- EXERCISE DATA:

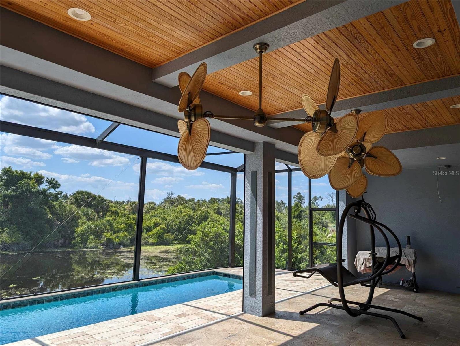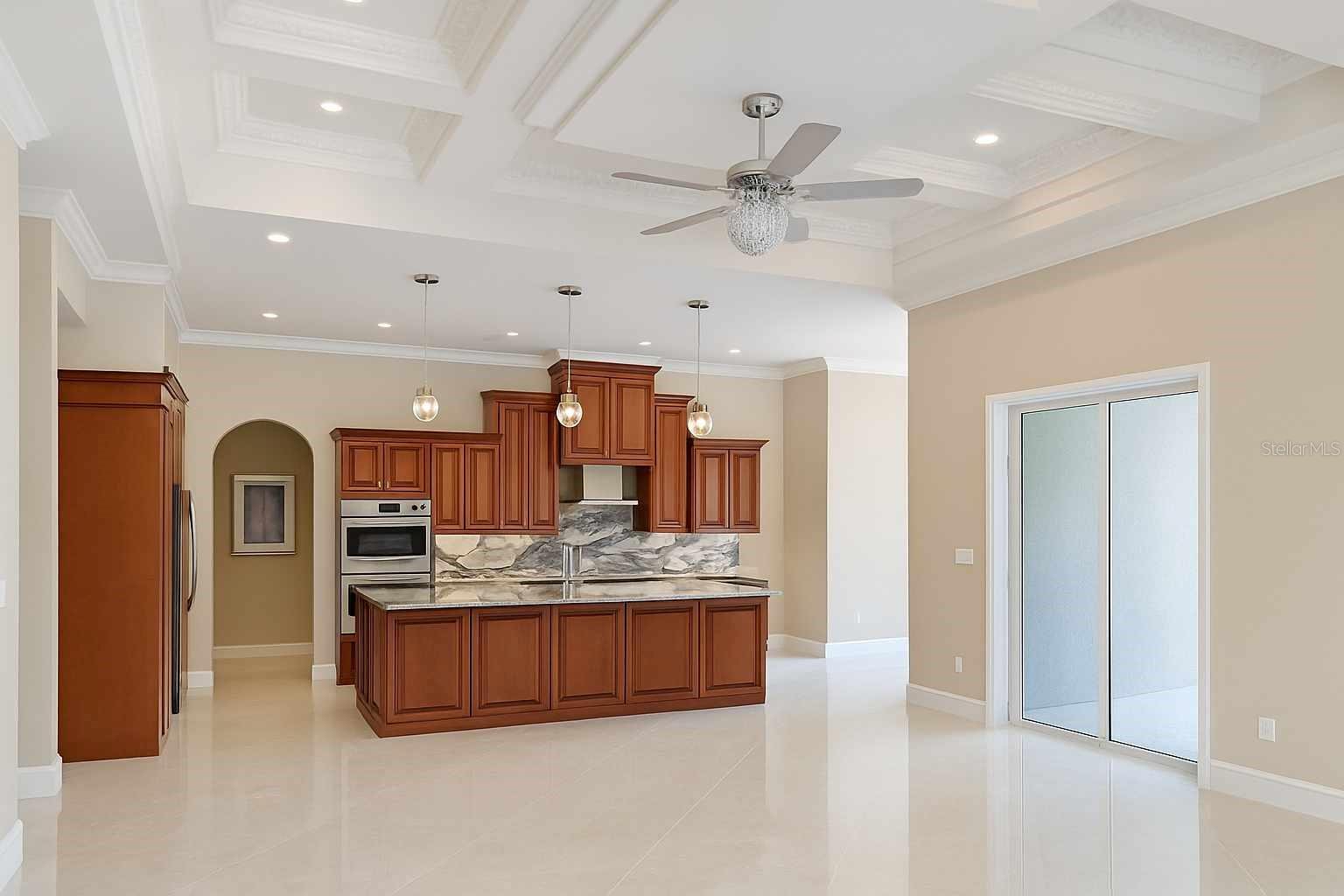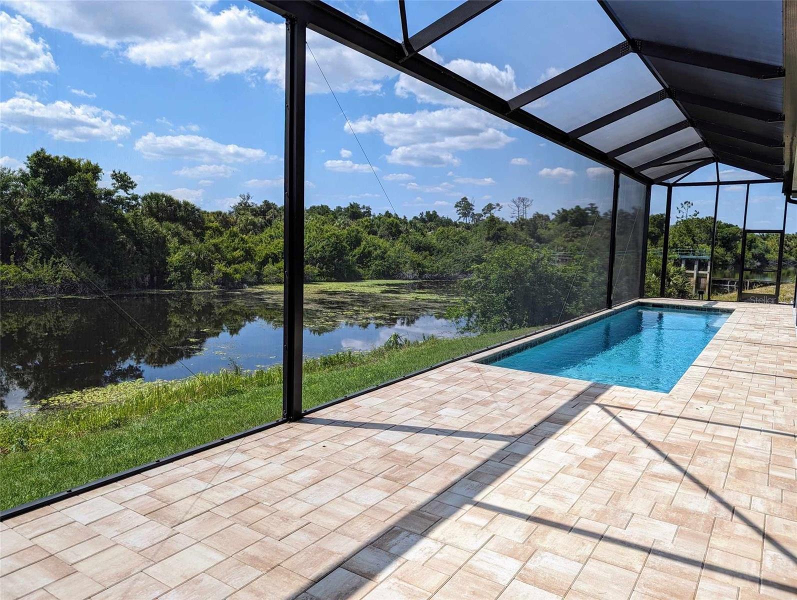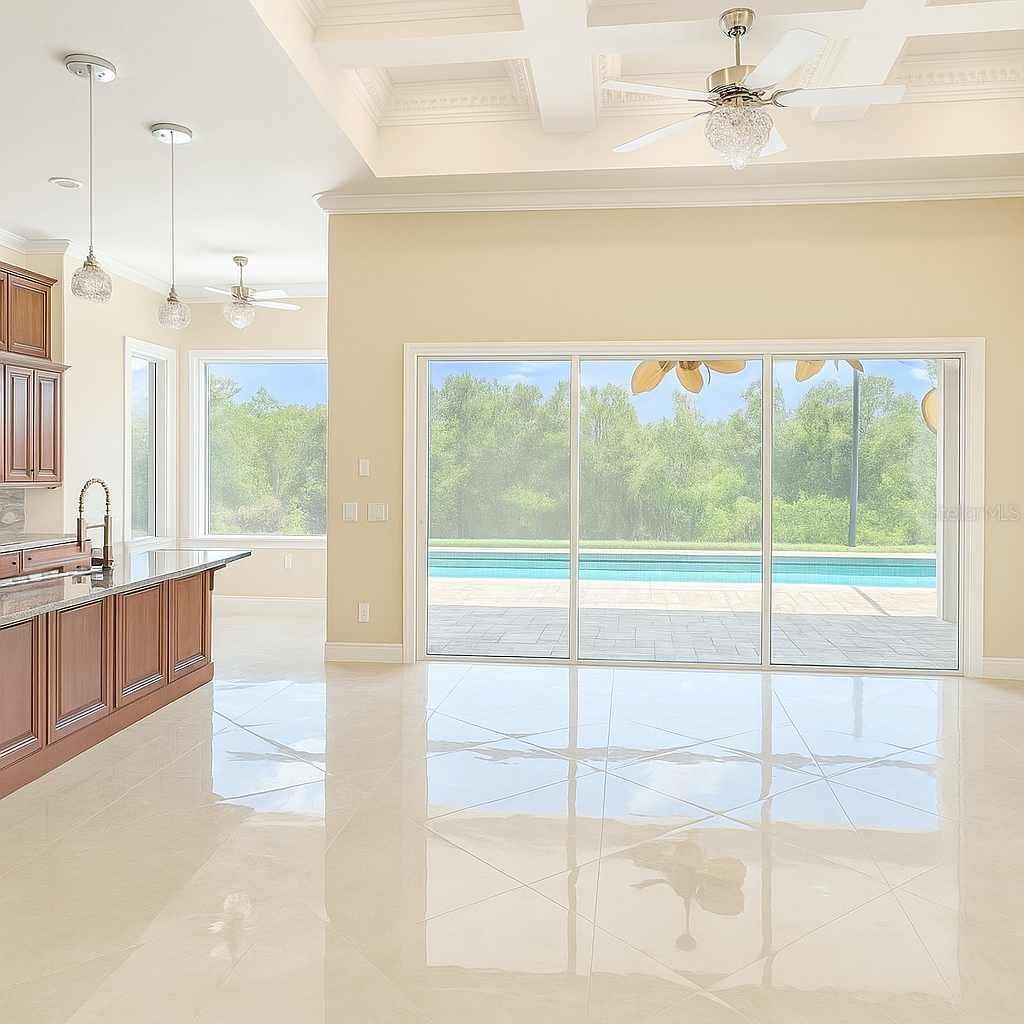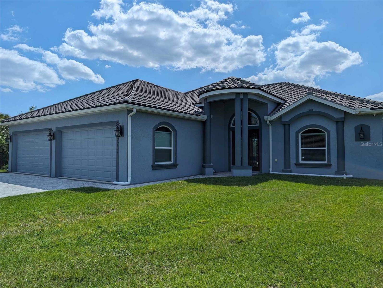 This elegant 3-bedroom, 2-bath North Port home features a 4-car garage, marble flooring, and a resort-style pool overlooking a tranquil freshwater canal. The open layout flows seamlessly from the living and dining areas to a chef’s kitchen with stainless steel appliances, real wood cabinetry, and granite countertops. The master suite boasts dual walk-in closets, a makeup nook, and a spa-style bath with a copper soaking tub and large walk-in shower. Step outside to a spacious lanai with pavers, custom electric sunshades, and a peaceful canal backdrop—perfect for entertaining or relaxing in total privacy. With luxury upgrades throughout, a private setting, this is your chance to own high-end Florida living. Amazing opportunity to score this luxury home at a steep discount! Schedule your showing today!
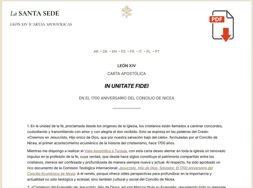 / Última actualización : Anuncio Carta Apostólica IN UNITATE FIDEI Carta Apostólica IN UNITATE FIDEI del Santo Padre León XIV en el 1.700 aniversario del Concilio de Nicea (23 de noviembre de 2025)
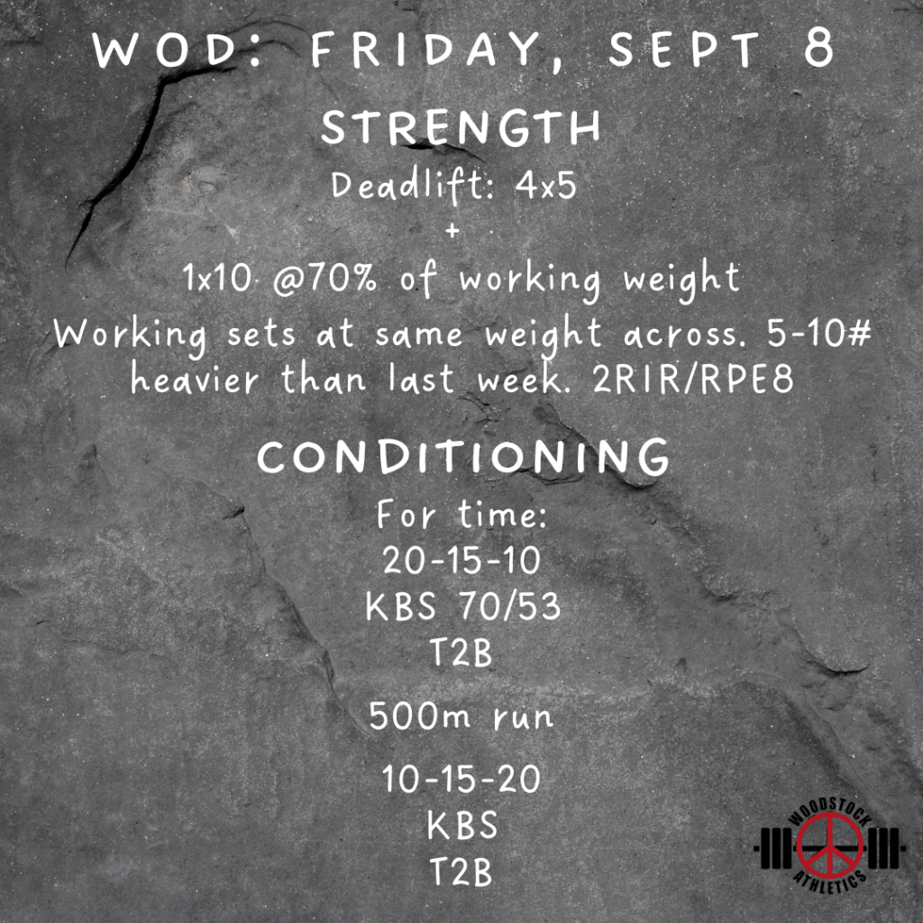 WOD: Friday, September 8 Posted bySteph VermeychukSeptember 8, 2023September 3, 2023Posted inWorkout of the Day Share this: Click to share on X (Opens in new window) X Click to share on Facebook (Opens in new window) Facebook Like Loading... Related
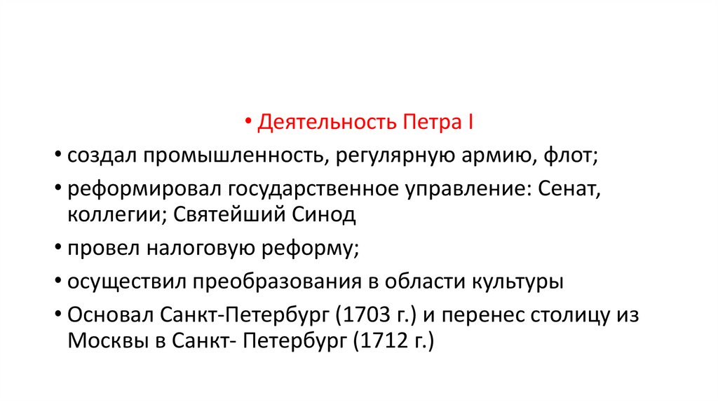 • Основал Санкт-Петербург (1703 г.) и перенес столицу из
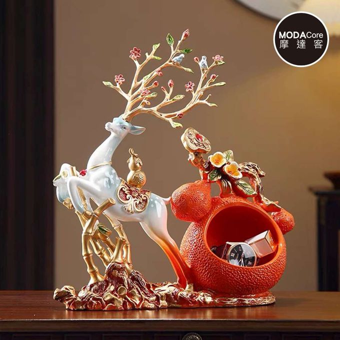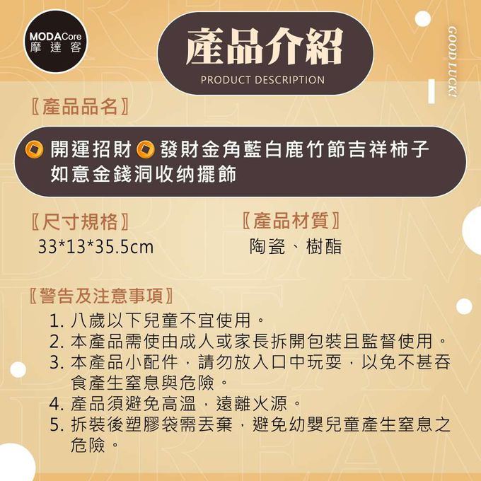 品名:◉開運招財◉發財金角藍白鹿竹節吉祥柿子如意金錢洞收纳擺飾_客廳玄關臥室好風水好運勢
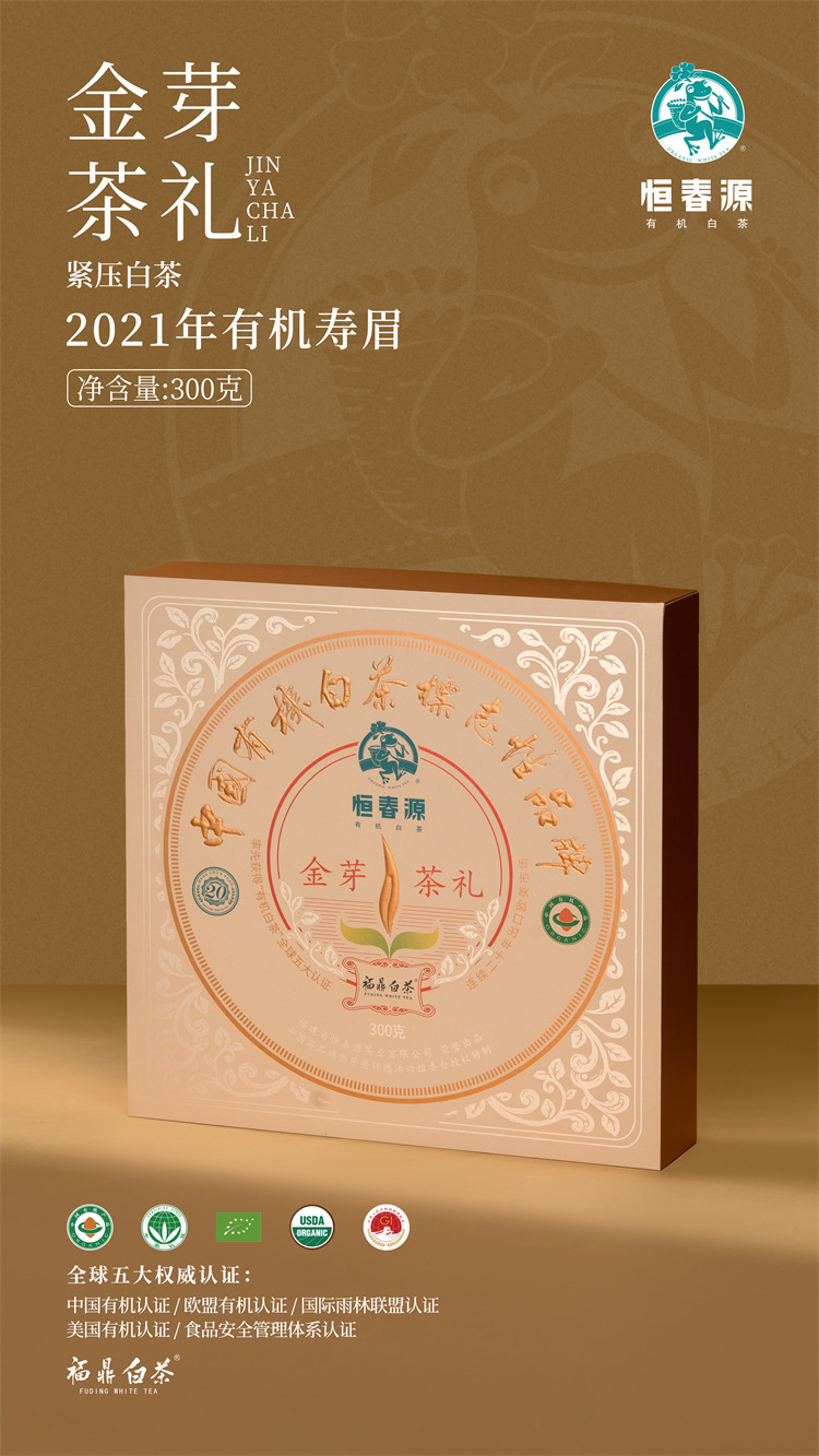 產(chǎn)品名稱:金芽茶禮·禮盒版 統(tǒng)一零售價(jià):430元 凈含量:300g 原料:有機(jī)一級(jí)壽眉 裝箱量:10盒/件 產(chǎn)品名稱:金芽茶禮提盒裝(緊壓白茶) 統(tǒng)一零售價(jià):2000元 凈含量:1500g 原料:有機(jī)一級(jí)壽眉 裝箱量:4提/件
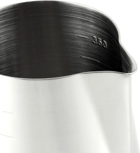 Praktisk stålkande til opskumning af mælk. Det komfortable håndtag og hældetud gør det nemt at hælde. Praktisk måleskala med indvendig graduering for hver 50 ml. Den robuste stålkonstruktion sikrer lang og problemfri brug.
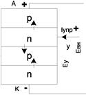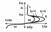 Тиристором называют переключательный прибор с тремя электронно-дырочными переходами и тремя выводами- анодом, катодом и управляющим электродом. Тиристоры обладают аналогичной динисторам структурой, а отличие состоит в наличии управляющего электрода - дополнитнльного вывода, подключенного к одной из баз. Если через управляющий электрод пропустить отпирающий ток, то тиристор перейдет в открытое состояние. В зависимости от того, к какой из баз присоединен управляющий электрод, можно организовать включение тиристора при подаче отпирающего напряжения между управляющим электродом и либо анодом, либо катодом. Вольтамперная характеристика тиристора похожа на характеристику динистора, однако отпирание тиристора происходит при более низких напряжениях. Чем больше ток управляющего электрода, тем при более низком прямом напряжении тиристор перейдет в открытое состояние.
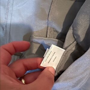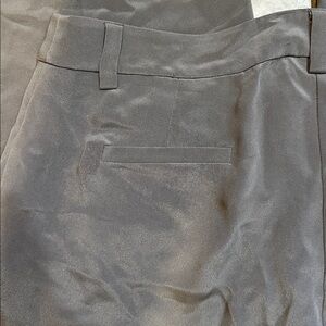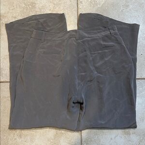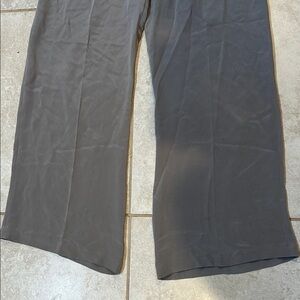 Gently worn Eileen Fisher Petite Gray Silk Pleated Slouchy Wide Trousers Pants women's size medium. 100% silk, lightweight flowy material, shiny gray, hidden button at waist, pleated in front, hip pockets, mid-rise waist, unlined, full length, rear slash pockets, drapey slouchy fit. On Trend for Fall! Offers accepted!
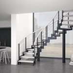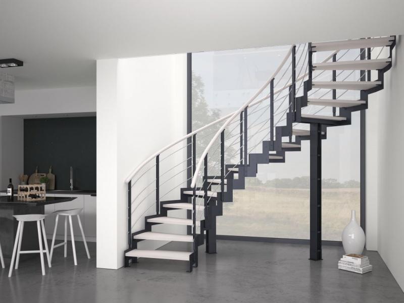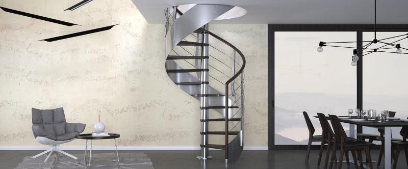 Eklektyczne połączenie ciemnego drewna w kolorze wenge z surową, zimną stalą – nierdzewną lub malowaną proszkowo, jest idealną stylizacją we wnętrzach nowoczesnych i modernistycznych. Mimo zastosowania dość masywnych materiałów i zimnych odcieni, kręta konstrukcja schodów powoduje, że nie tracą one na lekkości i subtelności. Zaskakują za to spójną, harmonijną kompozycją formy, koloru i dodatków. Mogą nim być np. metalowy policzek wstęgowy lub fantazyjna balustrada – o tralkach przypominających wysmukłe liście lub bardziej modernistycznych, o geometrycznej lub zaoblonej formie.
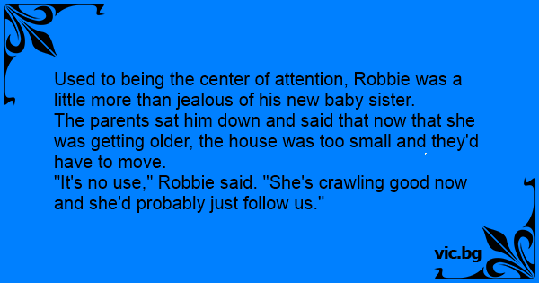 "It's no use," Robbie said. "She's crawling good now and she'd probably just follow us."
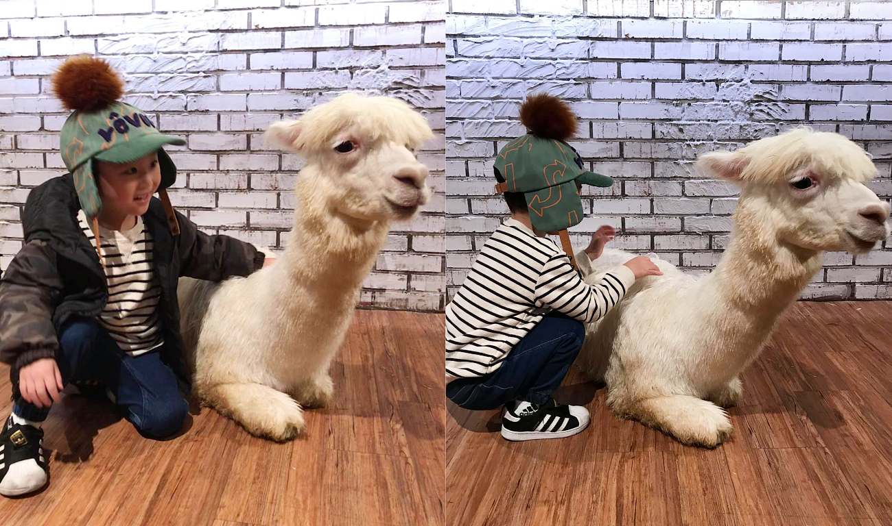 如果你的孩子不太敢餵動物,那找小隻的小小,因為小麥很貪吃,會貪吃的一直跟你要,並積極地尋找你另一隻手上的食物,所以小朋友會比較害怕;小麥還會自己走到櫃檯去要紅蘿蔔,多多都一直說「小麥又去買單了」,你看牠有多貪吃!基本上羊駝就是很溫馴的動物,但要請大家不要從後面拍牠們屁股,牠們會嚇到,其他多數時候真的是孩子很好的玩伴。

- WHAT THE TASK REQUIRES:
Would you copy the lines above exactly, starting with the one that has "品名:◉開運招財◉發財金角藍" and ending with the one that has "Praktisk stålkande til", both included, without the pictures?

- RESULT FOR THIS TASK:
 品名:◉開運招財◉發財金角藍白鹿竹節吉祥柿子如意金錢洞收纳擺飾_客廳玄關臥室好風水好運勢
 產(chǎn)品名稱:金芽茶禮·禮盒版 統(tǒng)一零售價(jià):430元 凈含量:300g 原料:有機(jī)一級(jí)壽眉 裝箱量:10盒/件 產(chǎn)品名稱:金芽茶禮提盒裝(緊壓白茶) 統(tǒng)一零售價(jià):2000元 凈含量:1500g 原料:有機(jī)一級(jí)壽眉 裝箱量:4提/件
 Praktisk stålkande til opskumning af mælk. Det komfortable håndtag og hældetud gør det nemt at hælde. Praktisk måleskala med indvendig graduering for hver 50 ml. Den robuste stålkonstruktion sikrer lang og problemfri brug.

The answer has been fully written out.